We also review what we wrote in the previous year’s list. Sometimes we laugh at what we wrote down – life’s curveballs can totally derail what we were hoping for – but other times we’re amazed at what actually has happened that goes above and beyond our original expectations. This ritual is fun, meaningful, and helps us celebrate what’s happened. It also helps to inform and shape our goals for the upcoming year. Give it a try – I guarantee you’ll be thankful you did when you review your original list a year later.
Nick Pineda, Director of Innovation: My wife and I keep a jar in our living room. Whenever we have a special moment of joy during our week, we write the moment on a Post-It, fold it up, write the date on it, and put it in the jar. At the end of the year, we celebrate by emptying the jar and reading all of our little collected moments.
Rita Mann, Change and Communication Strategist: In December, I pull out a large sketch pad (the old-fashioned kind) and draw my goals for the coming year. It’s usually pictorial with copy. I don’t look at it very often throughout the year, but I’m usually delighted at the year’s end by how much has transpired, begun, or been accomplished. It’s a practice I’ve had for decades!

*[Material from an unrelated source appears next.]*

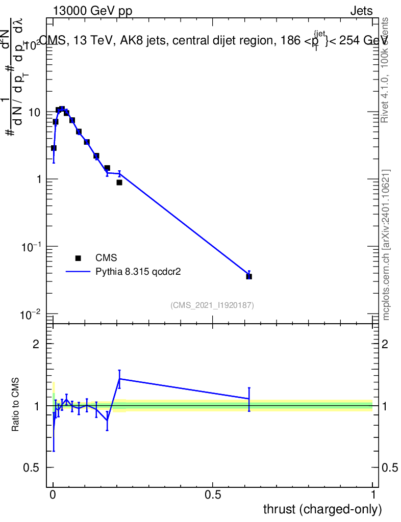 Lines: data, pythia8 8.315 qcdcr2 |

Pick the Practice That’s Right For You
As you can see, there are so many ways to build reflection into your life, from writing something small down every day to once-a-year review and planning sessions. The trick? Pick a reflection practice that fits in with your personality and authentic style. The habit shouldn’t feel laborious or hard to keep up with – instead, it should inspire excitement as it allows you to both reminisce and dream big for the future. Whatever your reflection practice, TiER1 wishes you luck as you take on the decade ahead!